You are viewing a plain text version of this content. The canonical link for it is here.
Posted to users@nifi.apache.org by Eric Secules <es...@gmail.com> on 2020/05/04 21:47:09 UTC

Is provenance data preserved when processors are deleted?

Hello everyone,

If I am upgrading a process group to the latest version, do you know
whether provenance is preserved for processors that may get deleted in the
upgrade?
I have noticed that if I delete my process group and redownload it from the
registry, I am no longer able to see the provenance data from flowfiles
that went through the first process group.

What is the best way to view and archive provenance data for older versions
of flows? For background I am running NiFi in a docker container.
I think I might have to archive the currently running container and bring
the new version up on a new container.

Thanks,
Eric

Re: Is provenance data preserved when processors are deleted?

Posted by Andy LoPresto <al...@apache.org>.
Eric,

The provenance exported via the reporting task does not contain the flowfile content. 

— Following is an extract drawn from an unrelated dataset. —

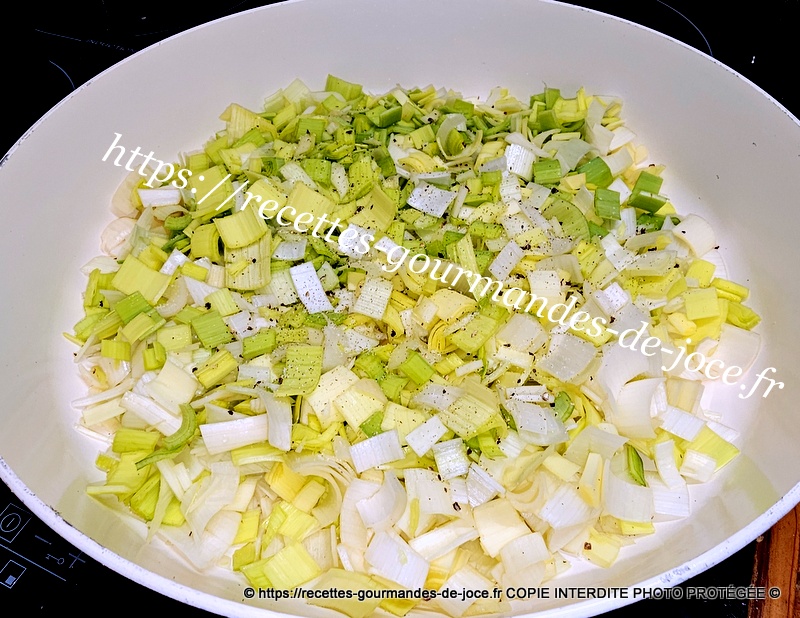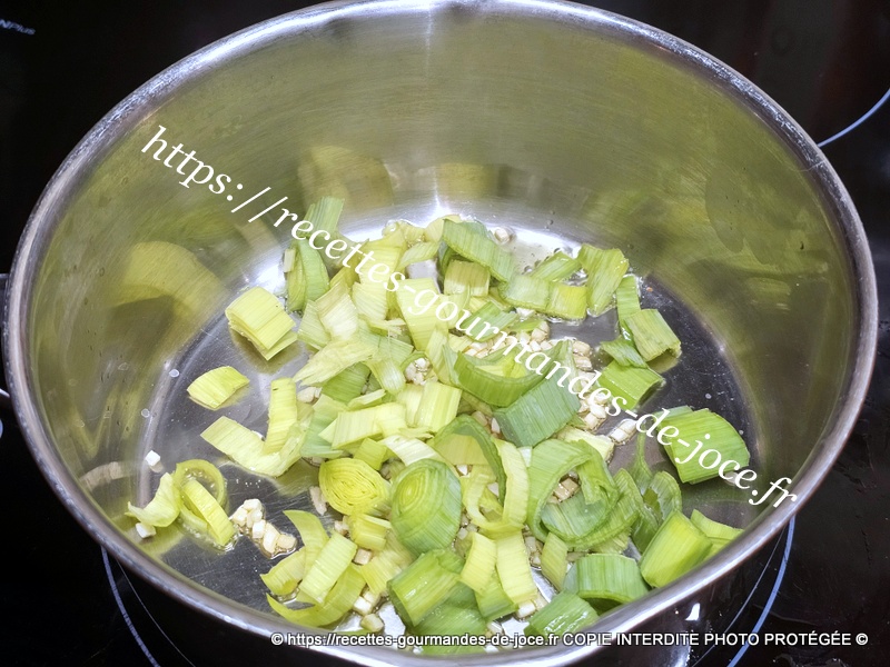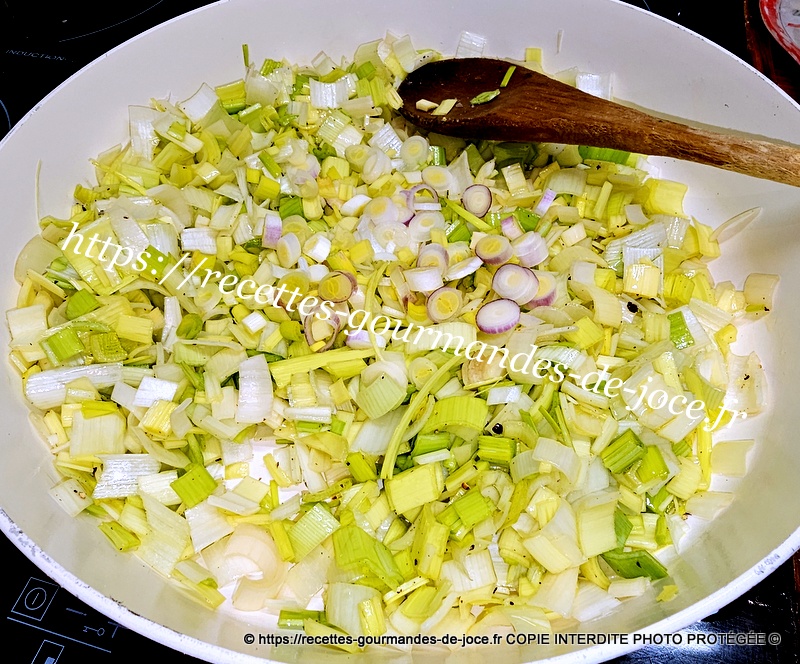 Ciseler les tiges d’oignon, dans une sauteuse, mettre un filet d’huile d’olive, ajouter les poireaux.

NiFi wasn’t designed as a long term store for the content or provenance data, but given appropriate resources, you can certainly increase the retention policies significantly. This is not an endorsement, but there are other metadata storage systems like Apache Atlas [1] which you may want to look at for longer retention and some of the features you’re looking for, like a UI for lineage graphs. 

[1] https://atlas.apache.org/#/ <https://atlas.apache.org/#/>


Andy LoPresto
alopresto@apache.org
alopresto.apache@gmail.com
He/Him
PGP Fingerprint: 70EC B3E5 98A6 5A3F D3C4  BACE 3C6E F65B 2F7D EF69

> On May 5, 2020, at 11:39 PM, Eric Secules <es...@gmail.com> wrote:
> 
> Thanks Mike, 
> 
> So the content gets sent over the wire too or just a content URI? I see that the content gets aged out according to nifi.content.repository properties. Given that the defaults for retention are so short would nifi crumble on a long running system if the retention period is years and the available disk space is huge? Shipping the provenance info off to MongoDB or something isn't as attractive because we loose the provenance web UI and the ability to view the configuration of a processor that a flowfile went through.
> 
> Thanks,
> Eric
> 
> On Mon, May 4, 2020 at 4:13 PM Mike Thomsen <mikerthomsen@gmail.com <ma...@gmail.com>> wrote:
> It copies all of the provenance data, and no, there's no way yet to back the provenance repository with one of those nosql databases yet unfortunately.
> 
> On Mon, May 4, 2020 at 6:40 PM Eric Secules <esecules@gmail.com <ma...@gmail.com>> wrote:
> What information is transmitted by SiteToSiteProvenanceReporting? Is it the content, the attributes, and the path the flowfile takes through the system? Is there any way to connect the provenance view from NiFi to the nosql database instead of the internal provenance storage?
> 
> On Mon, May 4, 2020 at 3:07 PM Mike Thomsen <mikerthomsen@gmail.com <ma...@gmail.com>> wrote:
> One way to do it would be to set up a SiteToSiteProvenanceReporting task and have it send the data to another NiFi instance. That instance can post all of the provenance data into a NoSQL database like Mongo or Elasticsearch very quickly.
> 
> On Mon, May 4, 2020 at 5:47 PM Eric Secules <esecules@gmail.com <ma...@gmail.com>> wrote:
> Hello everyone,
> 
> If I am upgrading a process group to the latest version, do you know whether provenance is preserved for processors that may get deleted in the upgrade? 
> I have noticed that if I delete my process group and redownload it from the registry, I am no longer able to see the provenance data from flowfiles that went through the first process group.
> 
> What is the best way to view and archive provenance data for older versions of flows? For background I am running NiFi in a docker container.
> I think I might have to archive the currently running container and bring the new version up on a new container.
> 
> Thanks,
> Eric


Re: Is provenance data preserved when processors are deleted?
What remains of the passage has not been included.